### WHAT TO WORK ON:
Under this line are the records; repeat exactly the lines starting at the one containing "今年の交流場所は「淡路ファー" and ending at the one containing "SogesHome Consolle Tavolo", omitting pictures.

### MATERIAL TO PROCESS:
----------------
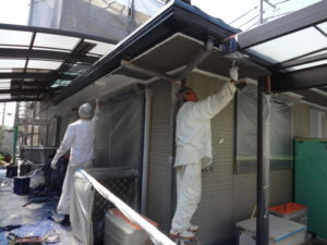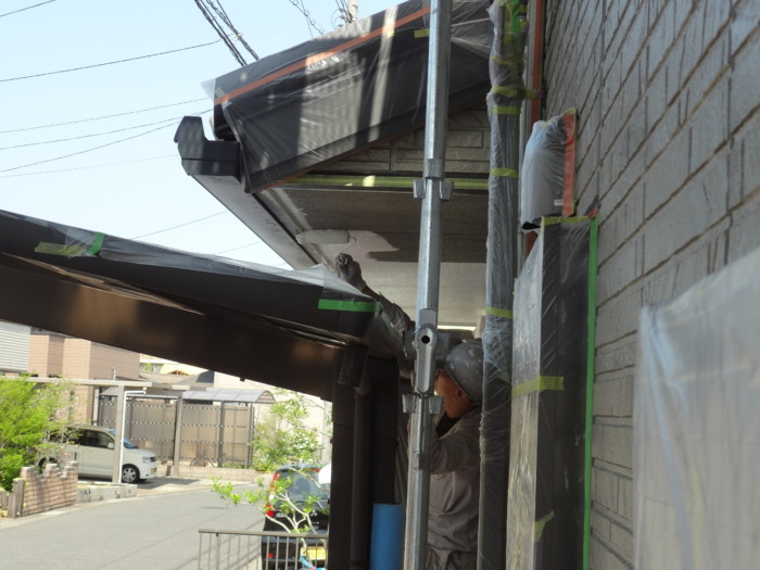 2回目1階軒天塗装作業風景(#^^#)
----------------
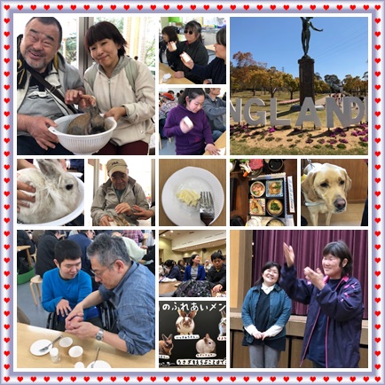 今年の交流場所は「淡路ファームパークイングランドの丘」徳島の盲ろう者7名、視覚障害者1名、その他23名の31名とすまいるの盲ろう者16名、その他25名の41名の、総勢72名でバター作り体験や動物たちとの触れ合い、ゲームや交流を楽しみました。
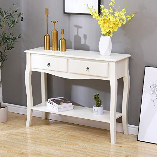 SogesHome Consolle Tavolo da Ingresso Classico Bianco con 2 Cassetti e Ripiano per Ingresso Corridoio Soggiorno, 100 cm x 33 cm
----------------
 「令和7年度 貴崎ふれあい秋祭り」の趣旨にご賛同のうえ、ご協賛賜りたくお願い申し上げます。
----------------
### THE ANSWER:
 今年の交流場所は「淡路ファームパークイングランドの丘」徳島の盲ろう者7名、視覚障害者1名、その他23名の31名とすまいるの盲ろう者16名、その他25名の41名の、総勢72名でバター作り体験や動物たちとの触れ合い、ゲームや交流を楽しみました。
 SogesHome Consolle Tavolo da Ingresso Classico Bianco con 2 Cassetti e Ripiano per Ingresso Corridoio Soggiorno, 100 cm x 33 cm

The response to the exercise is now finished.